HC Deb 20 October 1969 vol 788 cc747-8
42. Mr. Bruce-Gardyne

asked the Secretary of State for Social Services what has been the aggregate cost to date of payments of supplementary benefit made to the families of dustmen on strike; and what has been the average payment per family.

Mr. O'Malley

Up to Tuesday, 14th October—the latest date for which figures are available—951 payments totalling nearly £4,800, an average of just over £5, had been made for the dependants of strikers.

Mr. Bruce-Gardyne

Is it not adding insult to injury to expect citizens who have been gravely inconvenienced by the strike to have to subsidise its prolongation?

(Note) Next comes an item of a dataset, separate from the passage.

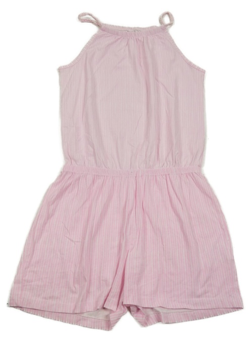 Světlerůžovo-bílý pruhovaný bavlněný kraťasový overal Yigga

In view of the accumulating evidence of the abuse of the supplementary benefits system, is it not time that the whole principle of paying supplementary benefits to the families of men on strike was reviewed?

Mr. O'Malley

I would remind the hon. Gentleman that, even in the days of the old Poor Law, the wives and families of strikers were given assistance. If the hon. Gentleman suggests that the way to deal with strikes of this kind is to get at workers by depriving their wives and families of benefits, I utterly reject that philosophy.

Mr. Winnick

Is it the intention of the hon. Gentleman and his hon. Friends that strikers and their families should starve to death? Is not my hon. Friend sick and tired of constant Tory baiting of people who are not rich?

Mr. O'Malley

My hon. Friend is right, because that is precisely what the hon. Gentleman was suggesting.

Mr. Kenneth Lewis

Since supplementary benefits are not paid under the P.A.Y.E. code, will the Minister arrange that these benefits are caught up and charged to income tax so that they pay tax on them?

Mr. O'Malley

My hon. Friend the Minister of State, in reply to an earlier Question, has stated that there is a partial regard of income tax refunds which strikers receive. Concerning the making of arrangements for recovery of supplementary benefits, the administrative costs of doing so would be disproportionate to the amount received, particularly because there would no doubt have to be provision for abandoning recovery where hardship might otherwise occur.